→ TASK OBJECTIVE
Produce word for word the lines of the data below running from the one that has "ストライプ柄ワイドパンツ。ボ" to the one that has "Flatterende favoriet met", inclusive, and no others.
MATERIAL PROVIDED Block Start
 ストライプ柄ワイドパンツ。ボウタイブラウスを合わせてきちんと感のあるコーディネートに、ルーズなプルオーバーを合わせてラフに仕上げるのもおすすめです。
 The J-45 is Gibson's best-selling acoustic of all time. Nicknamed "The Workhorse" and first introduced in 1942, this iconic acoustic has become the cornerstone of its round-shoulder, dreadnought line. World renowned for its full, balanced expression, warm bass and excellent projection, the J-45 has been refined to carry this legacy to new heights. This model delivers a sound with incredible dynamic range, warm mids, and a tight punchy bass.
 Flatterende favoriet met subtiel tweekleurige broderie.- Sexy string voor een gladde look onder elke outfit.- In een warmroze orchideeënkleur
MATERIAL PROVIDED Block End
MATERIAL PROVIDED Block Start
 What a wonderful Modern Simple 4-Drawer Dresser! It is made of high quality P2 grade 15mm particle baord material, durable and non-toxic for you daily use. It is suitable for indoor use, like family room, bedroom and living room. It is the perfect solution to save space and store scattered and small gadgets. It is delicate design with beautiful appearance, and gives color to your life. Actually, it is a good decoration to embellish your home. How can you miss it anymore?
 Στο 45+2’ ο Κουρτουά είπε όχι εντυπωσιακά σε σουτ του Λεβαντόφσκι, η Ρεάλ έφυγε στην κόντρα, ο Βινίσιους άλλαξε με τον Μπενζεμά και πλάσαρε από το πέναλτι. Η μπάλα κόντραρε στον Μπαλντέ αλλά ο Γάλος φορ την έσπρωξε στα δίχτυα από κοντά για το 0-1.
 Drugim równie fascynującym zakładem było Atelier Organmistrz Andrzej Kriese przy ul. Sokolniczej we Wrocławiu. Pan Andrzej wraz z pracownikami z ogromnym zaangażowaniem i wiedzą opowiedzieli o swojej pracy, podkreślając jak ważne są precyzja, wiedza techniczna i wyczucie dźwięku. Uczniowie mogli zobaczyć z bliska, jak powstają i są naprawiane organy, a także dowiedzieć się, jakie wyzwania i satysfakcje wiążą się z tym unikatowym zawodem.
MATERIAL PROVIDED Block End
→ REPLY
 ストライプ柄ワイドパンツ。ボウタイブラウスを合わせてきちんと感のあるコーディネートに、ルーズなプルオーバーを合わせてラフに仕上げるのもおすすめです。
 The J-45 is Gibson's best-selling acoustic of all time. Nicknamed "The Workhorse" and first introduced in 1942, this iconic acoustic has become the cornerstone of its round-shoulder, dreadnought line. World renowned for its full, balanced expression, warm bass and excellent projection, the J-45 has been refined to carry this legacy to new heights. This model delivers a sound with incredible dynamic range, warm mids, and a tight punchy bass.
 Flatterende favoriet met subtiel tweekleurige broderie.- Sexy string voor een gladde look onder elke outfit.- In een warmroze orchideeënkleur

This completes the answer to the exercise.